AASLH is pleased to announce our featured speakers for the our 2016 Annual Meeting, which will be held in partnership with the Michigan Museums Association. The Annual Meeting will take place at the world-renowned Cobo Center in Detroit Michigan from September 14-17. The preliminary program will be mailed out soon, and registration will open by June 1. Meanwhile, read this recent blog post by 2016 Host Committee member Tobi Voigt on why Detroit is the “perfect laboratory to explore issues of radical change and rebirth.” And, of course, get excited about our featured speakers:
Thomas J. Sugrue is Professor of Social and Cultural Analysis and History at New York University. A specialist in twentieth-century American politics, urban history, civil rights, and race, Sugrue was educated at Columbia; King’s College, Cambridge; and Harvard, where he earned his Ph.D. in 1992. His first book, The Origins of the Urban Crisis (1996), focused on Detroit as the symbol of the American urban crisis. It won the Bancroft Prize in American History and the Urban History Association Award for Best Book in North American Urban History among other numerous awards. In 2005, Princeton University Press selected The Origins of the Urban Crisis as one of its 100 most influential books of the past one hundred years and recently published a new edition including the Detroit bankruptcy.
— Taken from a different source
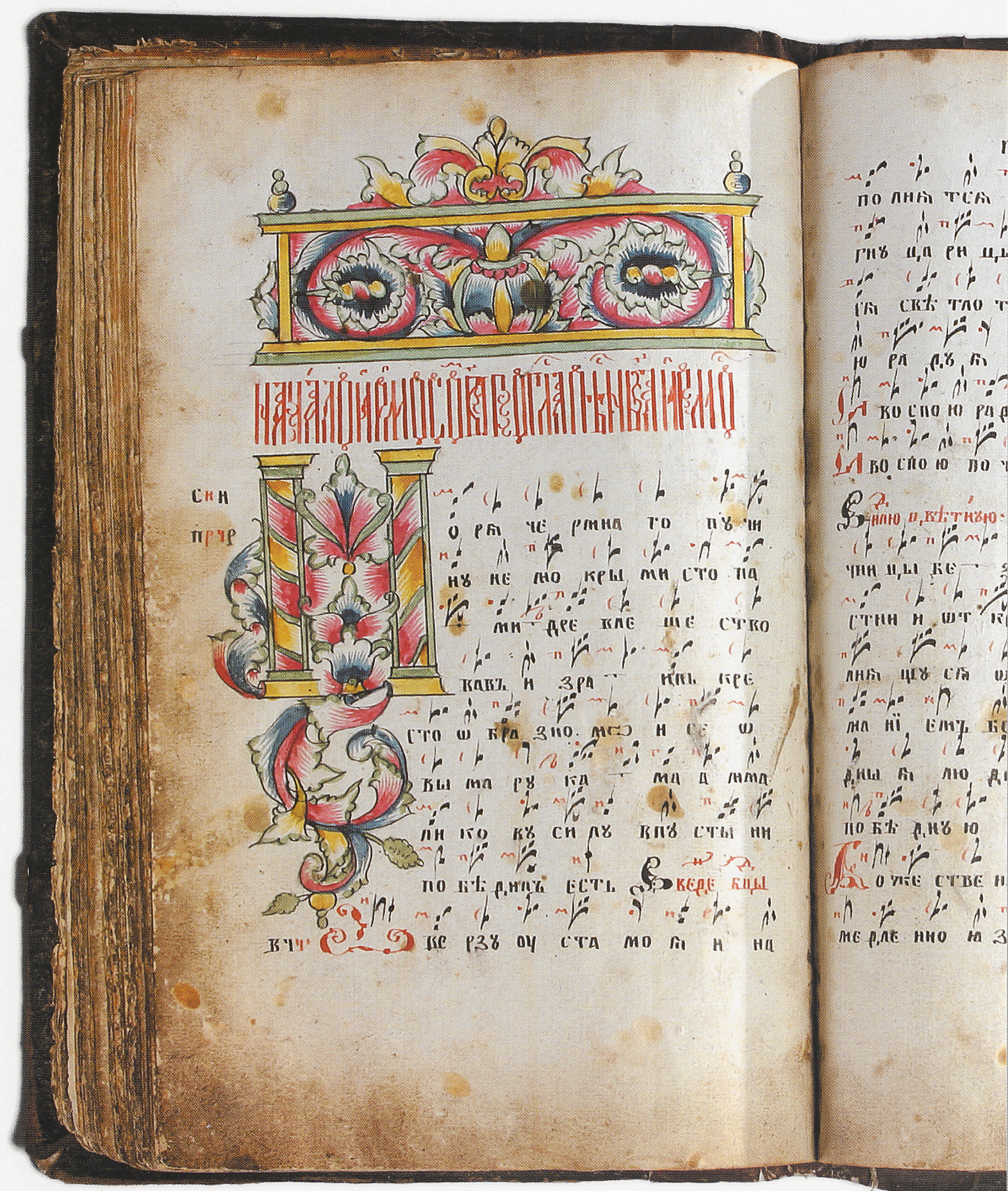
Ирмологий, крюковой. 1833. Käsikiri. A church songbook of the Old Believers. 1833. Manuscript.

Sugrue challenges the conventional wisdom that urban decline is the product of the social programs and racial fissures of the 1960s. Weaving together the history of workplaces, unions, civil rights groups, political organizations, and real estate agencies, Sugrue finds the roots of today’s urban poverty in a hidden history of racial violence, discrimination, and deindustrialization that reshaped the American urban landscape after World War II.
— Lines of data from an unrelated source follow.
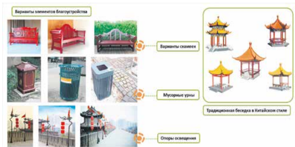
Иркутск интересен туристам из Китая: зарубежных гостей привлекают Байкал и архитектура сибирского города. И смотровая площадка, оформленная в традиционном китайском стиле, может стать еще одной местной достопримечательностью

Мария Николаева.
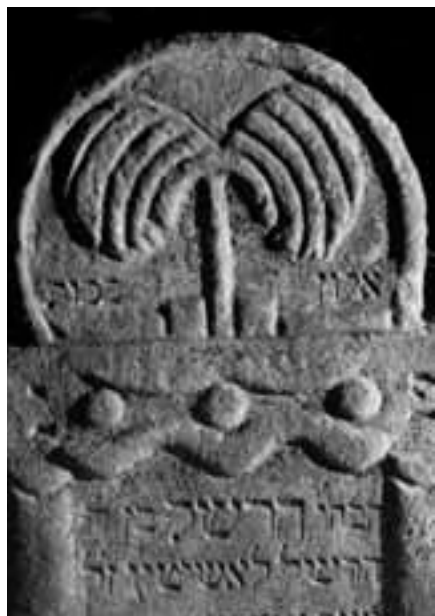
Obr. 1: Mikulov, okres Břeclav, židovský hřbitov, náhrobek Heršla, syna Heršla Loschütze, 1866, detail

Dub pláče se stal symbolem pro projevy smutku a zobrazení smutečního stromu bylo pro výzdobu náhrobků příhodné. Skutečnost, že toto zobrazení vychází ze židovské biblické tradice, dokládá hebrejský nápis alon bachut , kterým je v některých případech motiv označen. Za nejstarší zobrazení na našem území je možné považovat stylizo-
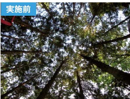
郡上市和良町 地内

Mary Wilson is a living legend from the height of Detroit’s Motown Era. A member of the world-renowned Supremes, one of the greatest female vocal groups of all time, Mary Wilson has been the only original Supreme carrying on the group’s legacy to this day. Representing the group, Mary Wilson accepted the Lifetime Achievement Award for the Supremes at their induction into the Rock ‘N Roll Hall of Fame, becoming the second female rock star to be its recipient. Mary Wilson is still touring extensively and also became a New York Times best-selling author when she released her autobiography, Dreamgirl: My Life As A Supreme and its follow-up, Supreme Faith…Someday We’ll Be Together.